Sure, Facebook might delete a web log of the sites you visited — like a gambling site or a health clinic — when you hit the button but that does not mean it’s going to remove all the inferences it’s gleaned from that data (and added to the unseen profile it holds of you and uses for ad targeting purposes).

Safe to say, the value of the Clear History button looks mostly as PR for Facebook — so the company can point to it and claim it’s offering users another ‘control’ as a strategy to try to deflect lawmakers’ awkward questions (just such disingenuousness was on ample show in Congress last month — and has also been publicly condemned by the UK parliament).

We asked Facebook our own series of questions about how Clear History operates, and why — for example — it is not offering users the ability to block tracking entirely. After multiple emails on this topic, over two days, we’re still waiting for the company to answer anything we asked.

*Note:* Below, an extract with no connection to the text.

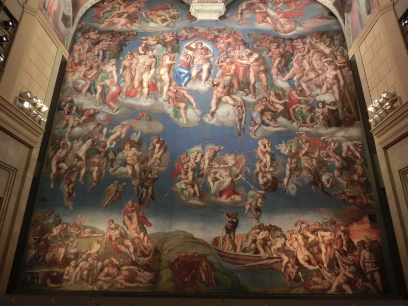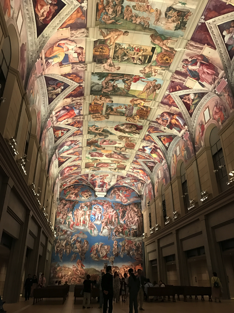 すごいなあ。これはすべて陶板で、要するにすべてコピー。でもこうして陶板にすることで世界中の有名な絵画が見られるわけだし、陶板はほとんど劣化がないらしいので後世に名作を伝えるという役割も担うことができるということ。いやいや、システィーナは本物も見ているが写真が撮れないし人も多かったしなので、こうしてゆったりした空間でじっくりと見られるのはいいなあ。

Facebook’s processing of non-users’ data, collected via tracking pixels and social plugins across other popular web services, has already got Facebook into hot water with some European regulators. Under GDPR it will certainly face fresh challenges to any consent-less handling of people’s data — unless it radically rethinks its approach, and does so in less than a month. 

In her letter, Barley also raises concerns around the misuse of Facebook’s platform for political influence and opinion manipulation — saying it must take “all necessary technical and organizational measures to prevent abuse and manipulation possibilities (e.g. via fake accounts and social bots)”, and ensure the algorithms it uses are “objective, neutral and non-discriminatory”.

She says she also wants the company to disclose the actions it takes on this front in order to enable “independent review”.

Facebook’s huge sprawl and size — with its business consisting of multiple popular linked platforms (such as WhatsApp and Instagram), as well as the company deploying its offsite tracking infrastructure across the Internet to massively expand the reach of its ecosystem — “puts a special strain on the privacy and self-determination of German and European users”, she adds.